**Supplied data**.
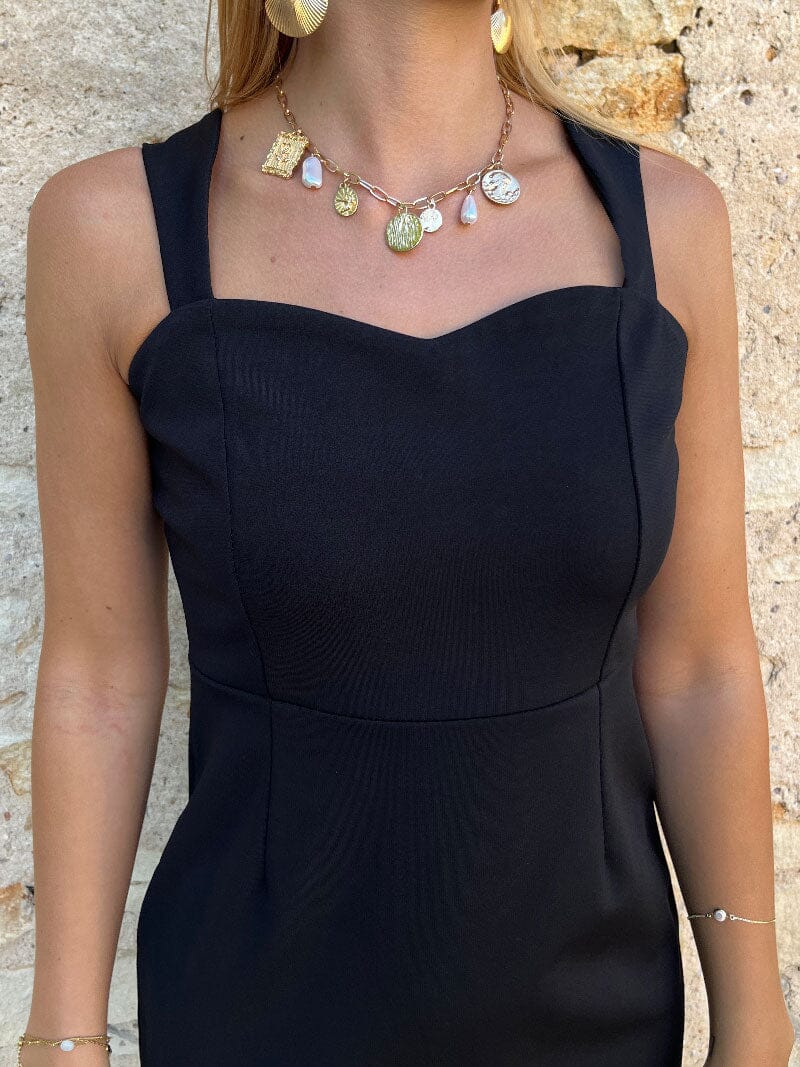 Son décolleté marié à ses bretelles larges permettent de mettre en avant la silhouette tout en affinant les épaules. Tout a été pensé pour apporter une allure maintenue, affinée et raffinée.
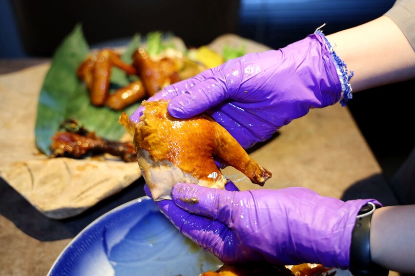 這隻脆皮雞在分解的過程中,一直流下了滿滿的湯汁,而且整個雞肉都呈現水嫰的模樣,我們不禁嚥了一下口水!
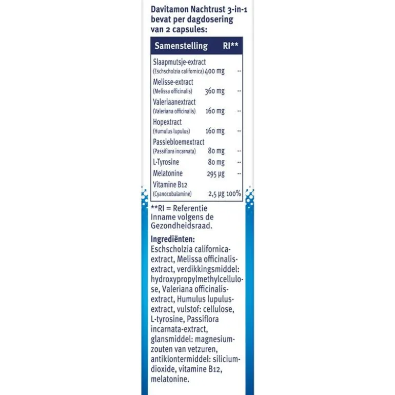 Davitamon Nachtrust 3-in-1 ondersteunt in 3 verschillende aspecten van het behoud van een goede nachtrust: het helpt om sneller in slaap te vallen, is goed voor de slaapkwaliteit en helpt om uitgerust wakker te worden. De formule bevat hiervoor een combinatie van natuurlijke extracten van valeriaan, passiebloem, slaapmutsje, hop en melisse.
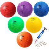 NOTE: The set includes 6 of 8.5" deflated playground balls, an air pump with a flexible extension hose, and 3 needles.

**Exercise objective**. Each line of the data above needs to be retyped as it is, without any picture.

**Your response**.
 Son décolleté marié à ses bretelles larges permettent de mettre en avant la silhouette tout en affinant les épaules. Tout a été pensé pour apporter une allure maintenue, affinée et raffinée.
 這隻脆皮雞在分解的過程中,一直流下了滿滿的湯汁,而且整個雞肉都呈現水嫰的模樣,我們不禁嚥了一下口水!
 Davitamon Nachtrust 3-in-1 ondersteunt in 3 verschillende aspecten van het behoud van een goede nachtrust: het helpt om sneller in slaap te vallen, is goed voor de slaapkwaliteit en helpt om uitgerust wakker te worden. De formule bevat hiervoor een combinatie van natuurlijke extracten van valeriaan, passiebloem, slaapmutsje, hop en melisse.
 NOTE: The set includes 6 of 8.5" deflated playground balls, an air pump with a flexible extension hose, and 3 needles.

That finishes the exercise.